---------- Raw data ----------

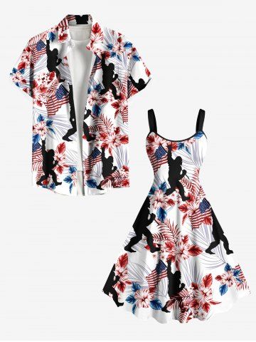 Plus Size Flowers Tropical Leaf Patriotic American Flag Gorilla Print Hawaii Tank Dress - White - Xxs
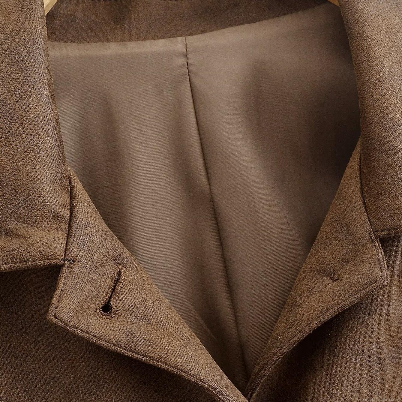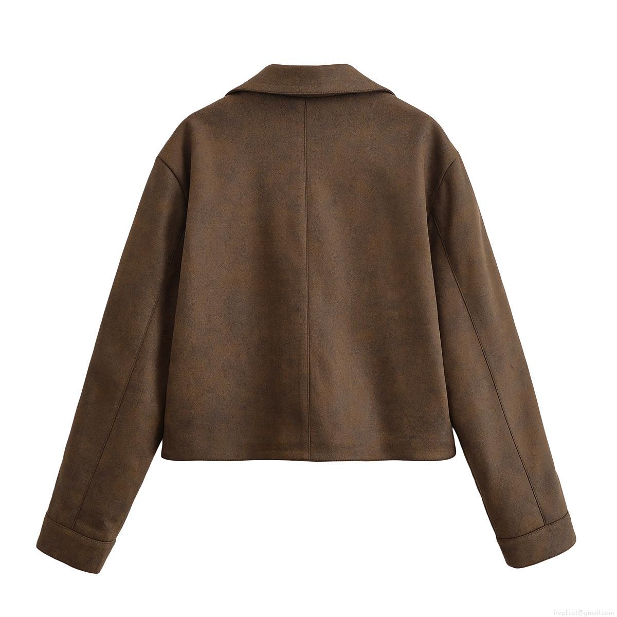 • Women's Cropped Faux Suede Jacket Retro Moto Style Button Down Lapel Long Sleeve Short Coat For Autumn Winter Streetwear Brown Outwear
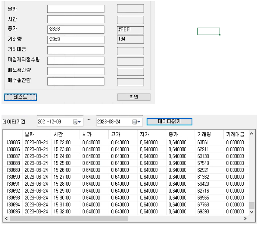 거래량은 누적으로 표시되는데, 틱데이터의 거래량을 누적해서 1분 데이터로 보여주기 때문에 테스트 화면과 차이가 발생되는 것으로 보입니다.
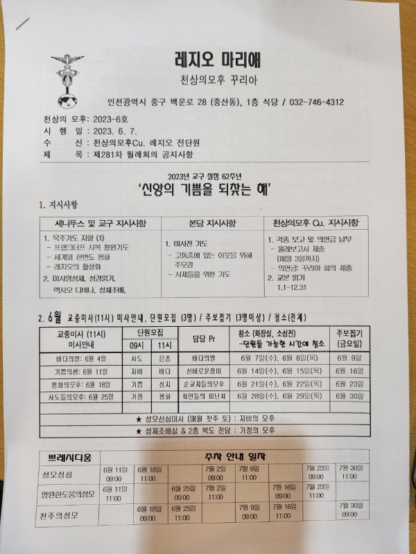 천상의 모후cu. 제281차 월례회의 및 꾸리아단장 선출 페이지 정보 작성자 박범환 (221.♡.17.163) 댓글 0건 조회 5,022회 작성일 23-06-07 21:43 목록 본문 6월7일 19:00시 부터, 1층 식당에서 천상의 모후cu. 제281차 월례회의가 진행되었다. 마리휘앗 수녀님의 훈화말씀과 지난 한달동안의 쁘레시디움 의 활동보고가 있었다.이날 회의에서 새 꾸리아 단장선출이 있었으며, 만장일치로 문종숙 루시아 자매가 선출되멌다. 이전글전지작업 및 화단정리 23.06.08 다음글관내 연수본당 미사및 어린이 첫영성체 의식 23.05.30 댓글 0 댓글목록 등록된 댓글이 없습니다.
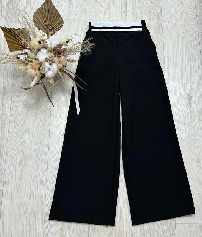 Брюки свободного кроя Пояс по спинке на широкой резинке Спереди стильная вставка Есть боковые карманы Ткань качественная костюмка КАЧЕСТВО ЧУДОВА!! РЕКОМЕНДУЮ!!! 140-146-1шт Длина/шак/пот/поб 140-146-89/63/29/43
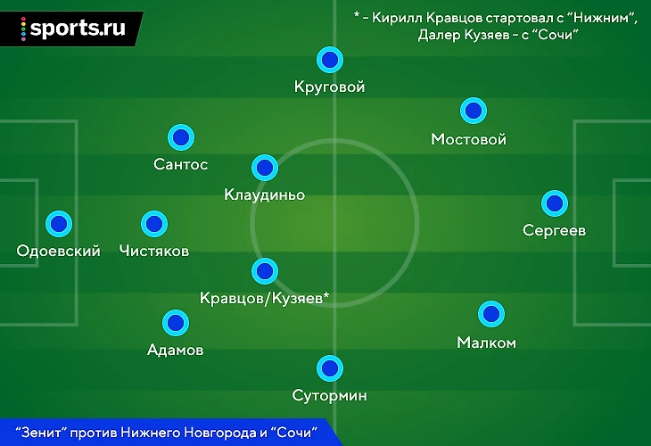 Схема обновилась благодаря возвращению Нуралы Алипа (оба матча начал в старте) и универсальности Алексея Сутормина (остался крайним защитником) с Дугласом Сантосом (вернулся на левый фланг). Семак попробовал несколько сочетаний в полузащите: против ЦСКА стартовал с треугольником Барриос-Клаудиньо-Кузяев, а в Сочи» вместо Кузяева выпустил Бакаева.
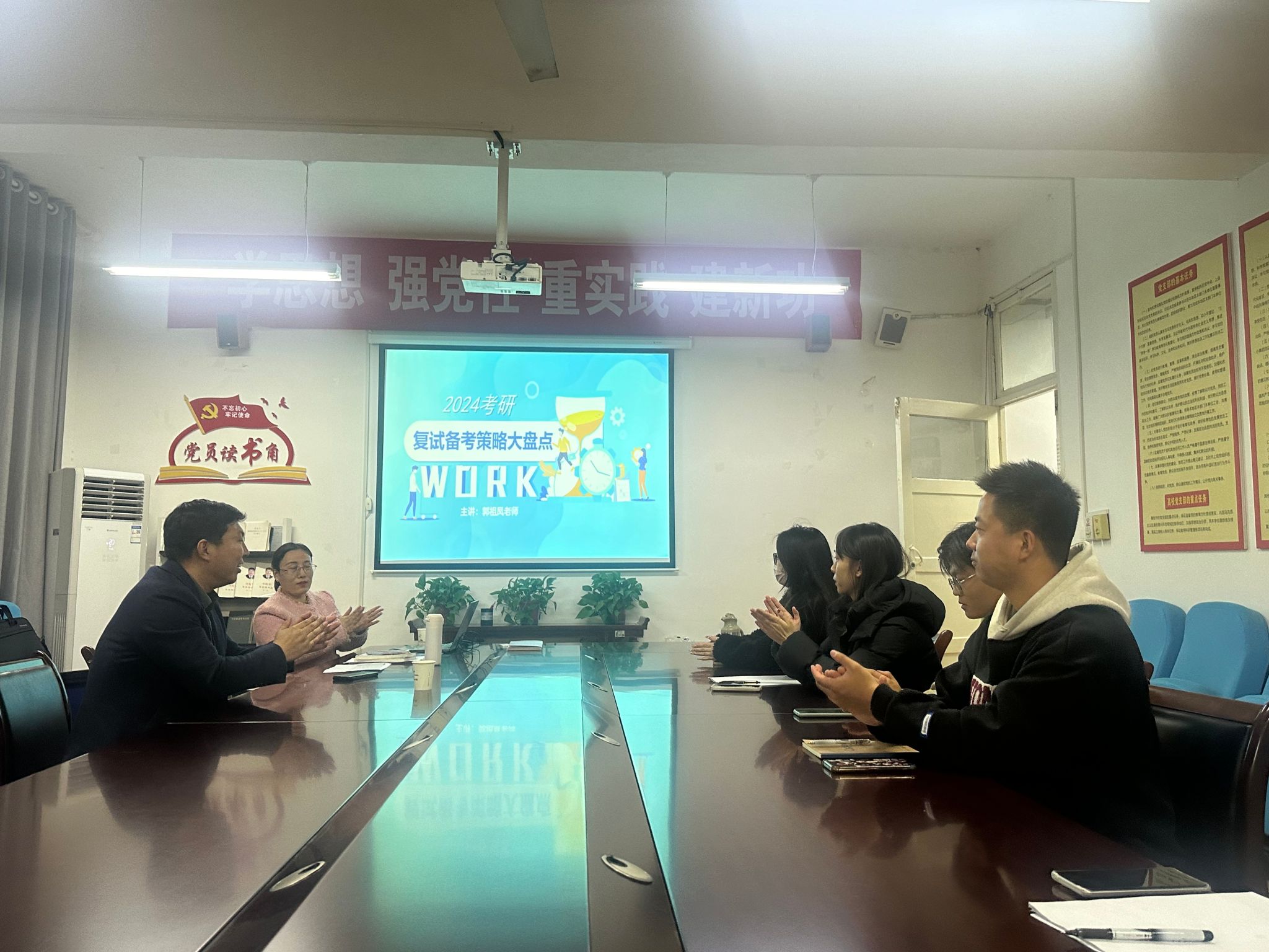 3月9日,文传学院联合学校就业处组织开展2024届考研学生复试指导讲座。本次讲座旨在为即将参加考研复试的学生提供专业的指导和建议,帮助他们更好地准备复试,提高录取率。本次讲座特邀马克思主义学院郭祖凤老师担任主讲嘉宾,文传学院2024届考研学生参会,文传学院学工办主任薛涛主持。
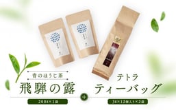 青のほうじ茶 飛騨の露(200g×1袋)+ テトラティーバッグ(3g×12個入り×2袋)| コクのある味わい 飛騨の自然を感じる豊かな風味 お茶 ほうじ茶 ティーバッグ セット お土産 人気 松風園 まつの茶舗 BC009
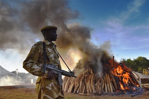 | Un garde de sécurité aux côtés de 15 tonnes d'ivoire d'éléphant brûlés au sein du Parc national de Nairobi au Kenya, le 3 mars |
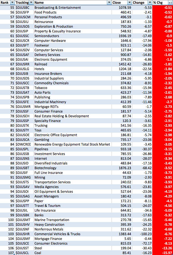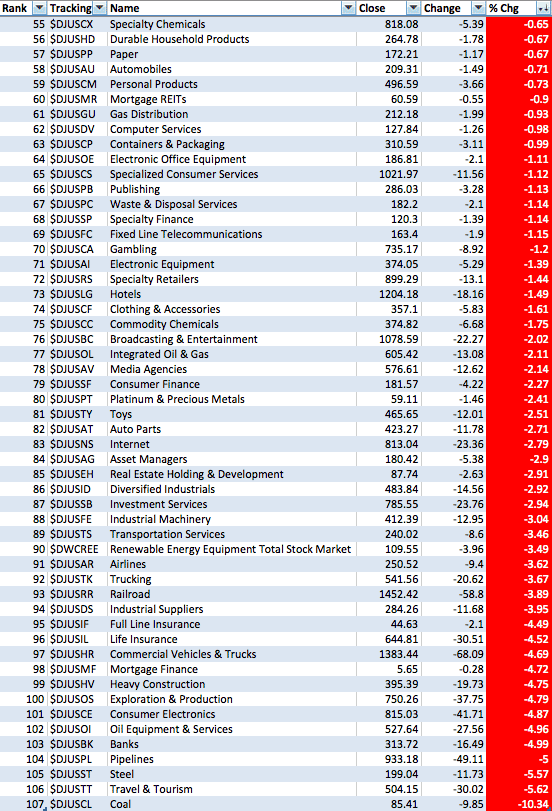 Fate does not always let you fix the tuition fee. She delivers the educational wallop and presents her own bill - Reminiscences of a Stock Operator. Dow Jones US Sub Sectors PerformanceAttached is the US Sub Sectors ordered by the weekly and monthly percentage change.
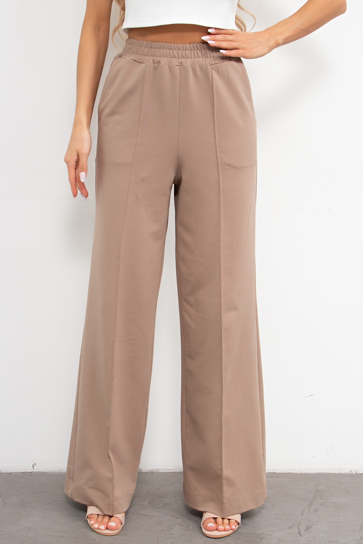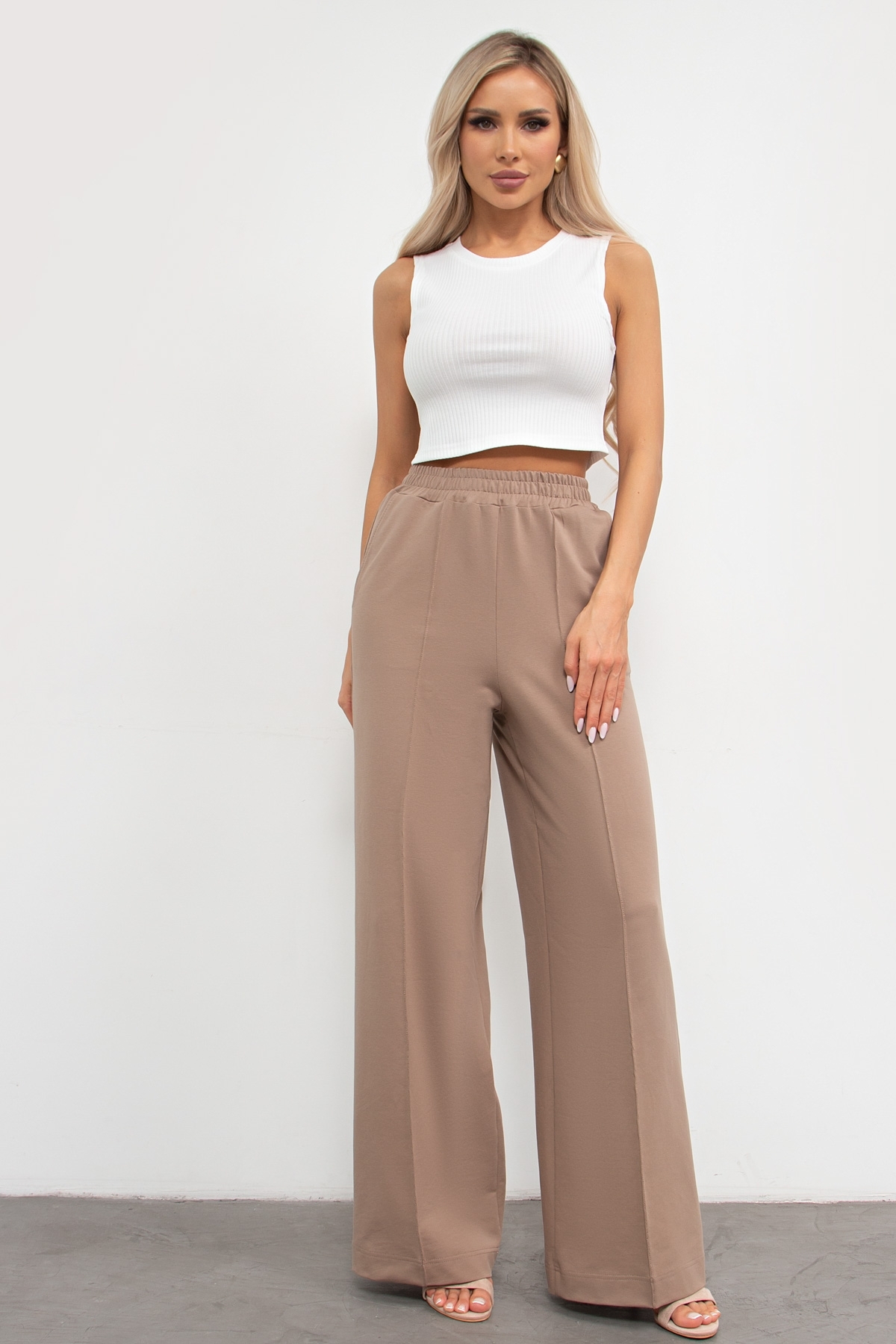 Прямые брюки из трикотажного полотна. Отрезной пояс по линии талии на широкой резинке. Спереди стрелка закреплена строчкой, что зрительно удлиняет ноги. Боковые карманы с отрезным бочком. Модель выполнена из качественного трикотажа, который хорошо держит форму. Прекрасная модель для активных будней и отдыха.
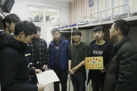 1月10日中午,计算机与通信工程学院(电子信息工程学院)开展大学生“五星级宿舍”挂牌活动,表彰在我院举行的大学生宿舍文化活动中荣获“五星级”称号的学生宿舍。学院分团委书记沈高峰老师及各专兼职辅导员对“五星级宿舍”进行挂牌表彰。
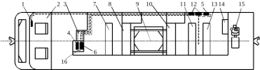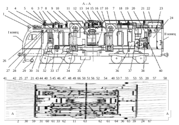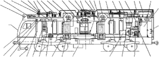 1 – Блок управления системой ЭСО; 2 – Кабина локомотива; 3 – Блок управления БУ-193; 4 – IGBT-модуль с радиатором; 5 – Сглаживающий дроссель (ДР); 6 – Блоки диодов (БД1, БД2); 7 – Блок силовых аппаратов 1; 8 – Выпрямительно-инверторный преобразователь 1; 9 – Трансформатор; 10 – Выпрямительно-инверторный преобразователь 2; 11 – Блок силовых аппаратов 2; 12 – Автоматический быстродействующий выключатель; 13 – Блок 8; 14 – Блок ВУВ-24; 15 – Блок мотор-компрессора с пневматическим оборудованием; 16 – Блок питания и коммутации
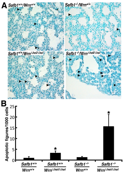 The major phenotype of Safb1-null dying pups is the incomplete maturation of the alveoli in the lungs [26]. As indicated in Figure 2, the interalveolar septa of Safb1-null pups were larger than those observed in wild type animals. The lack of a functional Wrn helicase caused a decrease in the thickness of the interalveolar septa in Safb1-null live pups at birth (compare top and bottom right panels of Figure 2). To get a better quantification of the lung phenotype, we first examined the level of apoptosis in lung tissues using a TUNEL apoptosis kit. TUNEL assays were performed on the lungs of 19 days old embryos. The number of apoptotic cells was estimated on lung sections of three embryos for each genotype (Figure 3A). This number was nearly 16-fold higher in Safb1-null/WrnΔhel/Δhellung samples than in wild type and Safb1-null samples (unpaired student t-test P-value < 0.05 compared to wild type Wrn+/+/Safb1+/+embryos) (Figure 3B). The number of apoptotic cells in the lungs of 19 days old WrnΔhel/Δhelembryos was approximately three-fold higher than in the lungs of wild type animals (Figure 3B). There was no significant increase in apoptotic figures in the lungs of Safb1-null mice compared to wild type animals. These results indicate that there was more cell death in the lungs of Safb1−/−/WrnΔhel/Δhel embryos at birth than the other genotypes. Cell death was homogeneously distributed across the whole embryonic lung tissue of Safb1-null/WrnΔhel/Δhelindividuals.
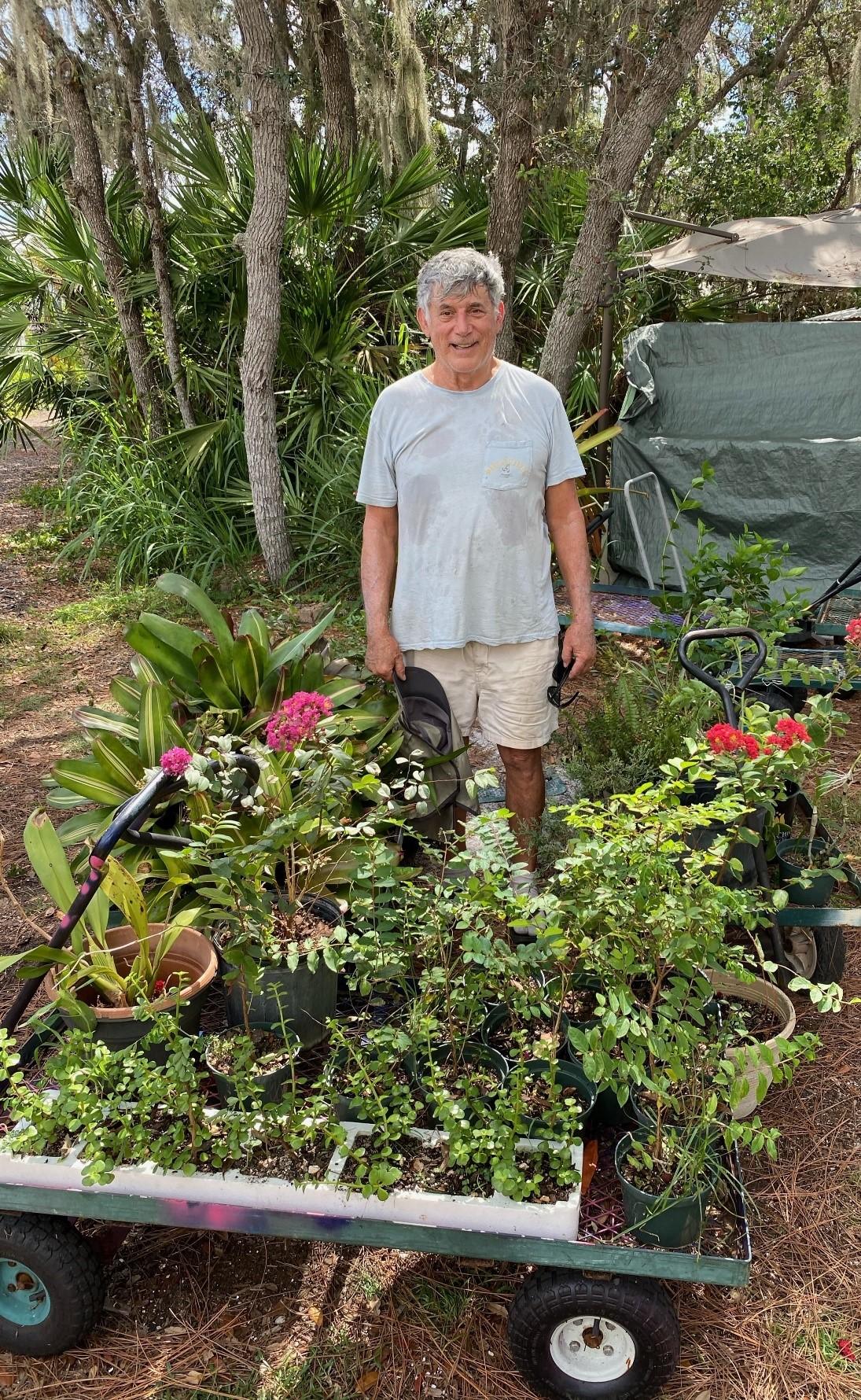 Sparky Dill donated 3 carts of plants to the Gardens including crepe myrtles, junipers, orchids, bromeliads, lantana, jade plants and tomato.

----------

Work instructions >> When you copy the records above, keep every word exact and leave out the pictures they contain.

Exercise answer >>
 Plus Size Flowers Tropical Leaf Patriotic American Flag Gorilla Print Hawaii Tank Dress - White - Xxs
 • Women's Cropped Faux Suede Jacket Retro Moto Style Button Down Lapel Long Sleeve Short Coat For Autumn Winter Streetwear Brown Outwear
 거래량은 누적으로 표시되는데, 틱데이터의 거래량을 누적해서 1분 데이터로 보여주기 때문에 테스트 화면과 차이가 발생되는 것으로 보입니다.
 천상의 모후cu. 제281차 월례회의 및 꾸리아단장 선출 페이지 정보 작성자 박범환 (221.♡.17.163) 댓글 0건 조회 5,022회 작성일 23-06-07 21:43 목록 본문 6월7일 19:00시 부터, 1층 식당에서 천상의 모후cu. 제281차 월례회의가 진행되었다. 마리휘앗 수녀님의 훈화말씀과 지난 한달동안의 쁘레시디움 의 활동보고가 있었다.이날 회의에서 새 꾸리아 단장선출이 있었으며, 만장일치로 문종숙 루시아 자매가 선출되멌다. 이전글전지작업 및 화단정리 23.06.08 다음글관내 연수본당 미사및 어린이 첫영성체 의식 23.05.30 댓글 0 댓글목록 등록된 댓글이 없습니다.
 Брюки свободного кроя Пояс по спинке на широкой резинке Спереди стильная вставка Есть боковые карманы Ткань качественная костюмка КАЧЕСТВО ЧУДОВА!! РЕКОМЕНДУЮ!!! 140-146-1шт Длина/шак/пот/поб 140-146-89/63/29/43
 Схема обновилась благодаря возвращению Нуралы Алипа (оба матча начал в старте) и универсальности Алексея Сутормина (остался крайним защитником) с Дугласом Сантосом (вернулся на левый фланг). Семак попробовал несколько сочетаний в полузащите: против ЦСКА стартовал с треугольником Барриос-Клаудиньо-Кузяев, а в Сочи» вместо Кузяева выпустил Бакаева.
 3月9日,文传学院联合学校就业处组织开展2024届考研学生复试指导讲座。本次讲座旨在为即将参加考研复试的学生提供专业的指导和建议,帮助他们更好地准备复试,提高录取率。本次讲座特邀马克思主义学院郭祖凤老师担任主讲嘉宾,文传学院2024届考研学生参会,文传学院学工办主任薛涛主持。
 青のほうじ茶 飛騨の露(200g×1袋)+ テトラティーバッグ(3g×12個入り×2袋)| コクのある味わい 飛騨の自然を感じる豊かな風味 お茶 ほうじ茶 ティーバッグ セット お土産 人気 松風園 まつの茶舗 BC009
 | Un garde de sécurité aux côtés de 15 tonnes d'ivoire d'éléphant brûlés au sein du Parc national de Nairobi au Kenya, le 3 mars |
 Fate does not always let you fix the tuition fee. She delivers the educational wallop and presents her own bill - Reminiscences of a Stock Operator. Dow Jones US Sub Sectors PerformanceAttached is the US Sub Sectors ordered by the weekly and monthly percentage change.
 Прямые брюки из трикотажного полотна. Отрезной пояс по линии талии на широкой резинке. Спереди стрелка закреплена строчкой, что зрительно удлиняет ноги. Боковые карманы с отрезным бочком. Модель выполнена из качественного трикотажа, который хорошо держит форму. Прекрасная модель для активных будней и отдыха.
 1月10日中午,计算机与通信工程学院(电子信息工程学院)开展大学生“五星级宿舍”挂牌活动,表彰在我院举行的大学生宿舍文化活动中荣获“五星级”称号的学生宿舍。学院分团委书记沈高峰老师及各专兼职辅导员对“五星级宿舍”进行挂牌表彰。
 1 – Блок управления системой ЭСО; 2 – Кабина локомотива; 3 – Блок управления БУ-193; 4 – IGBT-модуль с радиатором; 5 – Сглаживающий дроссель (ДР); 6 – Блоки диодов (БД1, БД2); 7 – Блок силовых аппаратов 1; 8 – Выпрямительно-инверторный преобразователь 1; 9 – Трансформатор; 10 – Выпрямительно-инверторный преобразователь 2; 11 – Блок силовых аппаратов 2; 12 – Автоматический быстродействующий выключатель; 13 – Блок 8; 14 – Блок ВУВ-24; 15 – Блок мотор-компрессора с пневматическим оборудованием; 16 – Блок питания и коммутации
 The major phenotype of Safb1-null dying pups is the incomplete maturation of the alveoli in the lungs [26]. As indicated in Figure 2, the interalveolar septa of Safb1-null pups were larger than those observed in wild type animals. The lack of a functional Wrn helicase caused a decrease in the thickness of the interalveolar septa in Safb1-null live pups at birth (compare top and bottom right panels of Figure 2). To get a better quantification of the lung phenotype, we first examined the level of apoptosis in lung tissues using a TUNEL apoptosis kit. TUNEL assays were performed on the lungs of 19 days old embryos. The number of apoptotic cells was estimated on lung sections of three embryos for each genotype (Figure 3A). This number was nearly 16-fold higher in Safb1-null/WrnΔhel/Δhellung samples than in wild type and Safb1-null samples (unpaired student t-test P-value < 0.05 compared to wild type Wrn+/+/Safb1+/+embryos) (Figure 3B). The number of apoptotic cells in the lungs of 19 days old WrnΔhel/Δhelembryos was approximately three-fold higher than in the lungs of wild type animals (Figure 3B). There was no significant increase in apoptotic figures in the lungs of Safb1-null mice compared to wild type animals. These results indicate that there was more cell death in the lungs of Safb1−/−/WrnΔhel/Δhel embryos at birth than the other genotypes. Cell death was homogeneously distributed across the whole embryonic lung tissue of Safb1-null/WrnΔhel/Δhelindividuals.
 Sparky Dill donated 3 carts of plants to the Gardens including crepe myrtles, junipers, orchids, bromeliads, lantana, jade plants and tomato.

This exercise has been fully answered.